What are the kinds of software that are not advisable to be developed using Python?
Roy Smith
roy at panix.com
Tue Feb 11 09:24:05 EST 2014
In article <52f9b6af$0$11128$c3e8da3 at news.astraweb.com>,
Steven D'Aprano <steve at pearwood.info> wrote:
> On Mon, 10 Feb 2014 22:40:48 -0600, Tim Daneliuk wrote:
>
> > On 02/08/2014 05:54 PM, Sam wrote:
> >> I got to know about Python a few months ago and today, I want to
> >> develop only using Python because of its code readability. This is not
> >> a healthy bias. To play my own devil's advocate, I have a question.

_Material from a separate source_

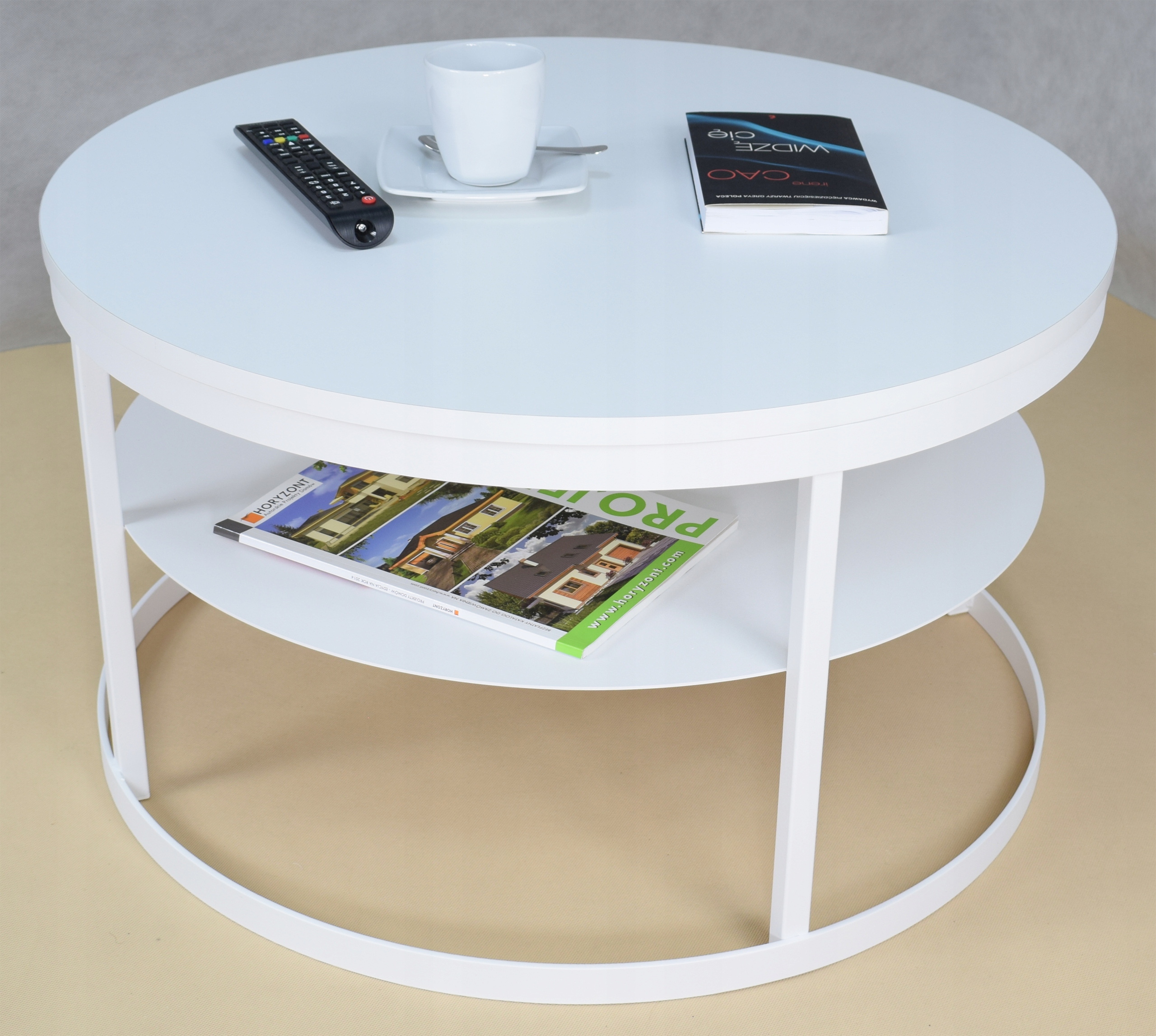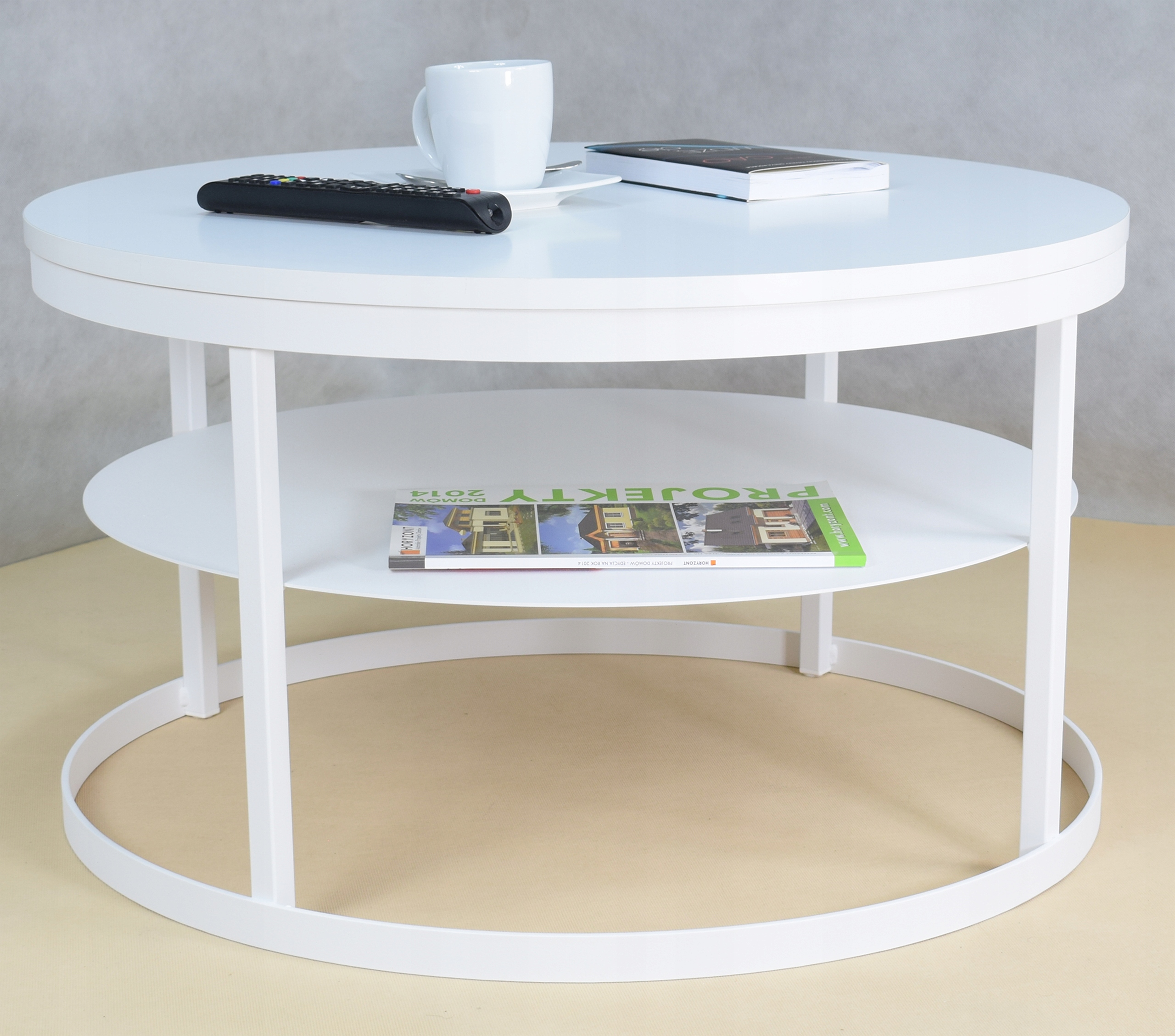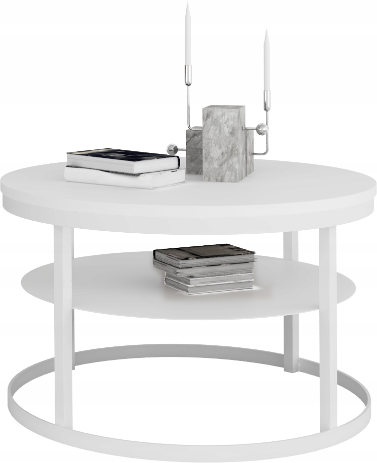 shumee Klubska mizica s polico, okrogla, fi75, iz profilov 20x20, mat bela, mat bela
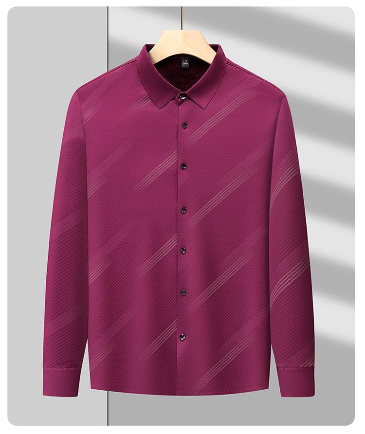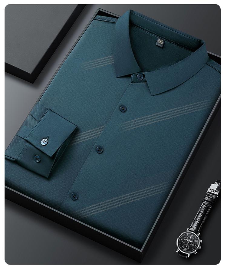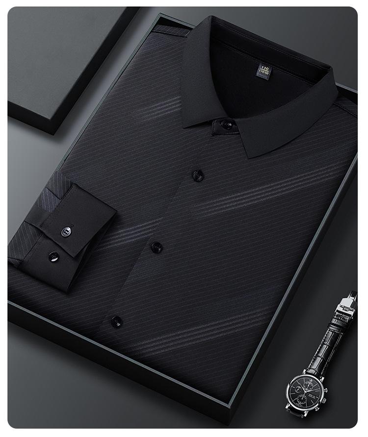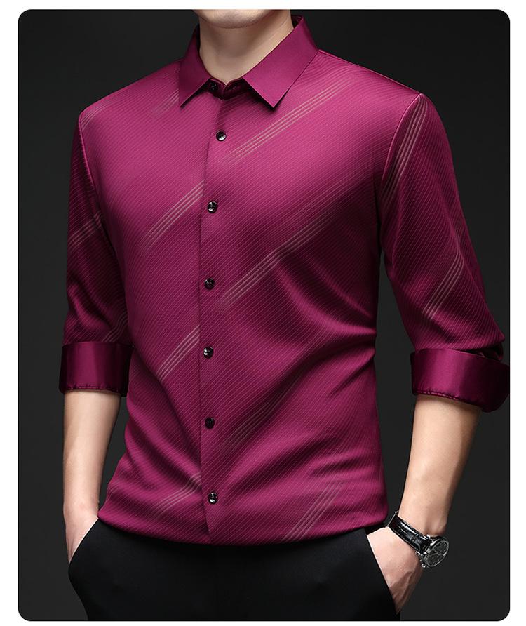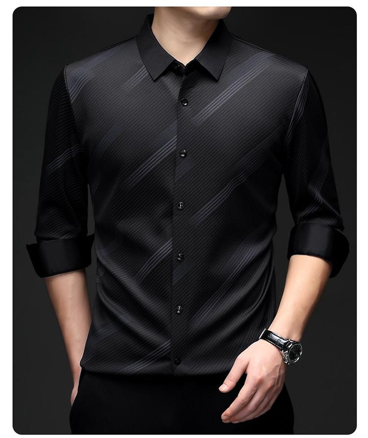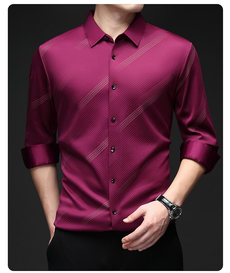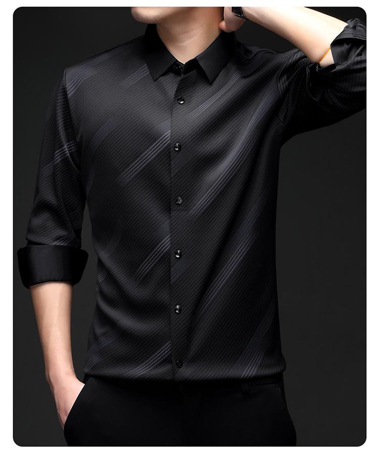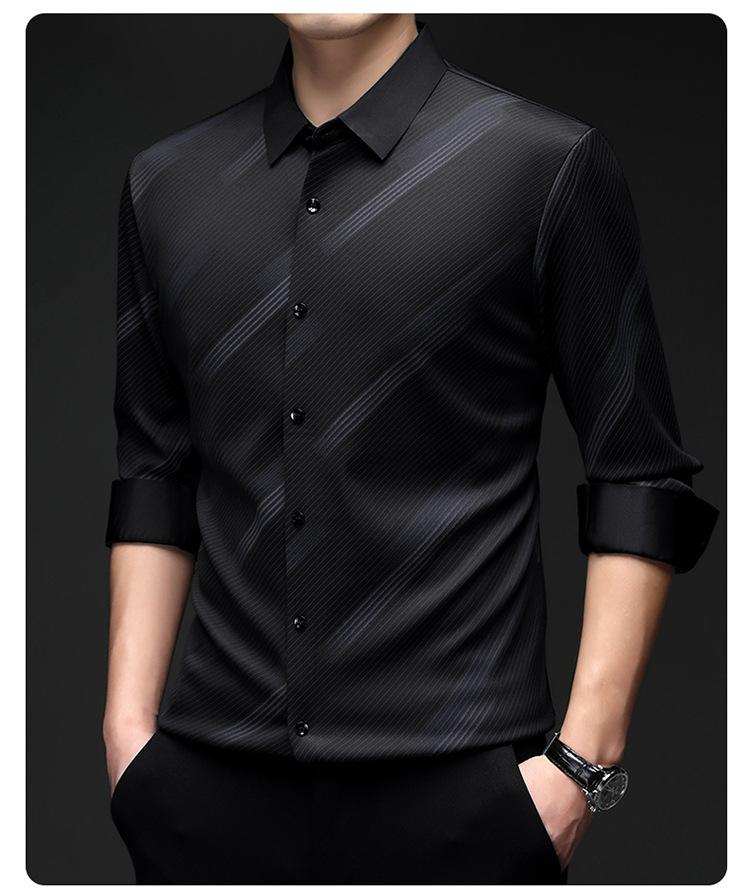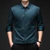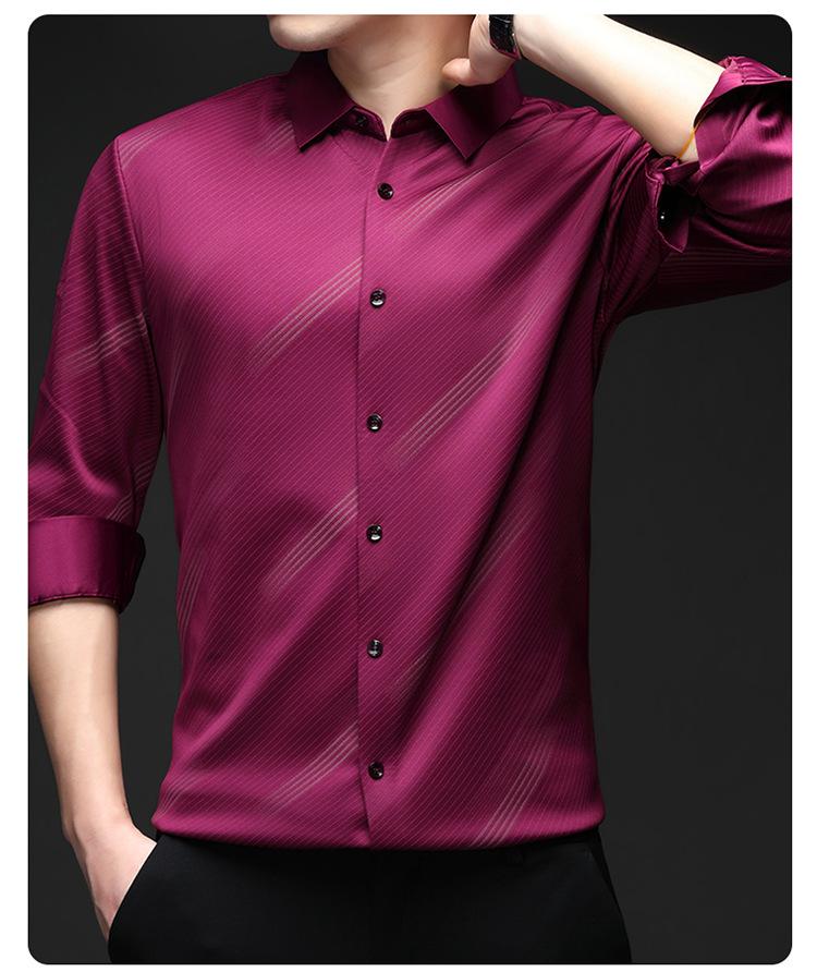 Camisa Sem Costura de Seda de Amora Masculina Manga Longa Primavera e Outono Nova Business Casual Sem Passar Camisa Masculina de Meia Idade

> >> What are the kinds of software that are not advisable to be developed
> >> using Python?
>
> [snip a bunch of good examples]
>
> > Applications in which you do not want the casual reader to be able to
> > derive the meaning of the source code.
>
> That's a bad example. Do you think that the casual reader will be able to
> understand the meaning of .pyc files?
No, but anybody with script-kiddie level sophistication can download a
pyc decompiler and get back a pretty good representation of what the
source was.
Whether I mind shipping my source, or you mind shipping your source
isn't really what matters here. What matters is that there *are*
people/companies who don't want to expose their source. Perhaps for
reasons we don't agree with. For those people, Python is not a good
choice.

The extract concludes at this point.